Even in a place like New York, where the media outlets are critical as well as most inquisitive reporters, are curious to ask Newton troublesome questions, such as details in relations to his veiling scandal. For once, his merit of worthiness for the prize that represents integrity veered when the investigation ended. Asked how he feels without his father in attendance:
"It hurts," Newton said. "That's the decision he made, he's doing it for the betterment of me, his son. I think that's a good thing. Whatever his decision is, I'm all for it."
He's as much an admirer of his father, even if Newton's father shamefully tried selling his own son as the most popular football star these days, acknowledged that he was unaware and had no ties or even communicated with any universities. Despite all of this commotion, he repeatedly alluded to that he loves his father, but more importantly, he wasn't distraught of his father's involvement of breaking the rules just to pocket money.
And again, in all genuineness, his father, Cecil, announced that he's not attending the ceremony as a way to reduce a distraction or worse a media frenzy on the night his son could celebrate a memorable moment in bliss if he is named the next Heisman winner. The festivities of this weekend, for all four players, is inexplicably highlighted by their outstanding performances to shine the spotlight on their schools, as Newton led the Tigers to one of its historical finishes in school history.
Not in recent memory, amid so much turmoil, has an admonishing quarterback from Auburn maintained the mentality or unflappability to lead the Tigers to an inconceivable 13-0 finish. As overwhelming as it seems that he's the frontrunner to claim college football's most prestigious award, ever since he was reinstated the eligibility, the suspense minimized vastly with Newton, a 6-foot-6, 250-pound player who has excellent stamina and agility.
This is important, on all levels, because of his nonpareil efficiency and versatility, proficient of making a defender miss in the open field. If so, from there, he's almost untouchable and becomes a force to be reckoned with. Better yet, he's a nimble pocket passer, always hitting a receiver downfield and certainly has been one of the most charismatic quarterbacks with strength to deliver in a prevailing pass attack.
In fact, as it happened, he leads the nation in passing efficiency, but is ranked 15th overall in the rushing department. And now, as Newton elevates his Heisman hopes to engrave a shred of history and hopefully put aside the burdens, he has run for a mere 1,409 yards and 20 touchdowns and has thrown for 2,589 yards and 28 touchdowns.
It was truly a season filled with a lot of disruptions surrounding Newton's status, but he played aggressively and energized the Tigers to clinch a berth in the grandest game in college football.
"I think he's the greatest one-year quarterback that I've seen in college football," said former Georgia coach Vince Dooley.

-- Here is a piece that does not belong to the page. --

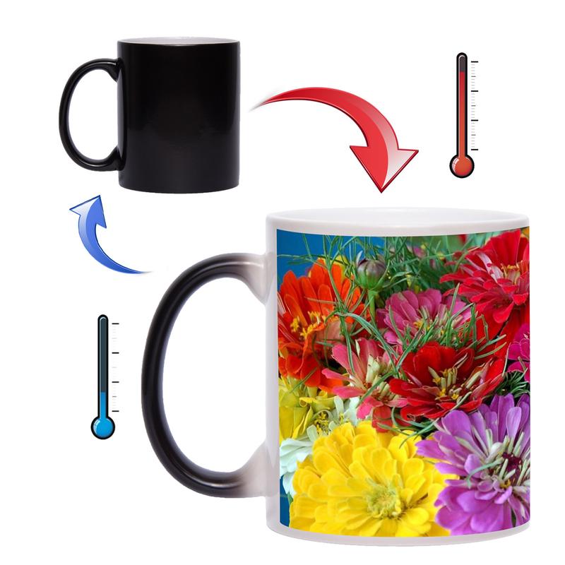 Чашка хамелеон - оригинальный подарок для Ваших друзей, коллег и близких людей. При наполнении кипятком, на чашке хамелеон проявляется красочное изображение цветов. Данная чашка будет стильным подарком к любому празднику. Сделайте обычное чаепитие ярким и интересным с чашкой хамелеон!

All over football, for some, Luck is the essence of an NFL-ready quarterback, but he's not projected to steal the Heisman, even if he's in the running for fascinating Stanford's vertical passing game. This is because, obviously, Luck is a factor as coach Jim Harbaugh elaborated on, flattered of his mobility and precision, all the essentials an NFL franchise takes a liking to.
This from a man who is eligible for the 2011 NFL Draft, nonetheless, he could potentially spend his junior year at Stanford if the NFL unravels and is afflicted by an ugly lockout. Almost as nice as it felt to witness a gunslinger, Luck is seventh in the nation in passing efficiency and he threw for 3,051 yards, 28 touchdowns and seven interceptions.
Newton, one of the many quarterbacks on a unique level who is a proper candidate to place money on the table in a sporting bet, is the feel-good story which I believe the voters prefer a feel-good story.